= Fiorella Kostoris =

Italian economist (born 1945)

Fiorella Kostoris Padoa-Schioppa (born 5 May 1945) is an Italian economist who is professor at the University of Rome (La Sapienza). She is also a professor at the College of Europe in Bruges. She has published approximately a hundred articles and twenty books in various languages on topics concerning macroeconomics, labor, public finance, unemployment, pension reform and other topics. She was president of ISAE, the Italian independent but government-funded economic think tank until March 2003. She is working on a book on European economic policies and institutions.

Fiorella Kostoris was married to the late Italian economist and politician Tommaso Padoa-Schioppa.

==Personal background==
She was born in 1945 in Rome but raised in Trieste in a Jewish family that placed a high value on education and on knowledge of foreign languages. In an interview she described how she was one of only 5 pupils in her class each of whom competed every day to be ranked first by the teacher. She has described herself as very left wing in her youth, even attending Italian Communist Party meetings (although the communists made fun of her for arriving in an Alfa Romeo Giulia sports car).
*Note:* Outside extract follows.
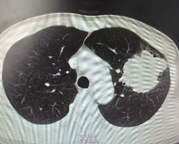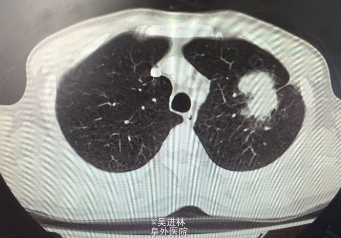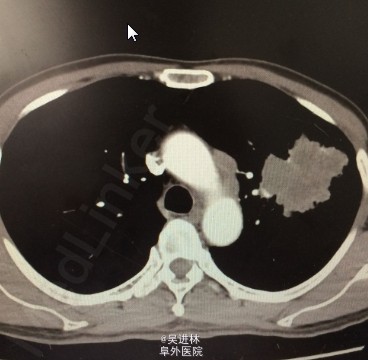 讨论:这个病人预后很不好的,已经侵犯心脏了(探查肿物位于左肺上叶,直径约8厘米,质地硬,侵及肺门,左肺不张。打开肺门,胸膜水肿游离易渗血,检查肿瘤侵犯下肺静脉根部,无法游离。打开心包,探查肿瘤已沿下肺静脉进入心包,累及右心房。)

After graduating from Milan's Bocconi University in Economics she went to the United States where she earned a graduate degree at the Massachusetts Institute of Technology in 1968. Of her experience in the US she said "I came back more of a [classical] liberal, more convinced that overall welfare is maximized by people seeking their own individual well being". At MIT she met Franco Modigliani and later became an editor of his collected papers.

Her best known book is Italy: The Sheltered Economy (1993) in which she made the case that Italy has a huge and interventionist governmental economic policy compared to other countries and that much of this state action and regulation is irrational and counter-efficient.

==Her controversial policy recommendation==
On 19 March 2004 Kostoris published an article in the newspaper Il Sole 24 Ore entitled Abolire una settimana di ferie per rilanciare l'economia. Kostoris adduced statistics showing that the average Italian worker works fewer hours throughout his career than his European and North American counterparts. Furthermore, the number of hours worked per year is gradually decreasing. If this trend could be reversed Italian economic growth would pick up. The causes of the low hours of work per person are many; they include early retirement, delays in finding a job, strikes for non-contract related reasons, as well as more holidays than other countries. To illustrate the tradeoff between work and leisure Kostoris calculated that if every Italian gave up one week of time off the GNP would increase by 0.3% to 0.4%. The idea was initially endorsed by Italian prime minister Silvio Berlusconi; in a speech in Cernobbio on 29 March he said "There are too many holidays. A few days of extra work will produce a beneficial effect on GNP". But the public reaction was quite negative and the idea was quietly dropped.

While Kostoris was pilloried as a slave driver who wants to force people to work, the substantive issues raised in her article were not seriously addressed.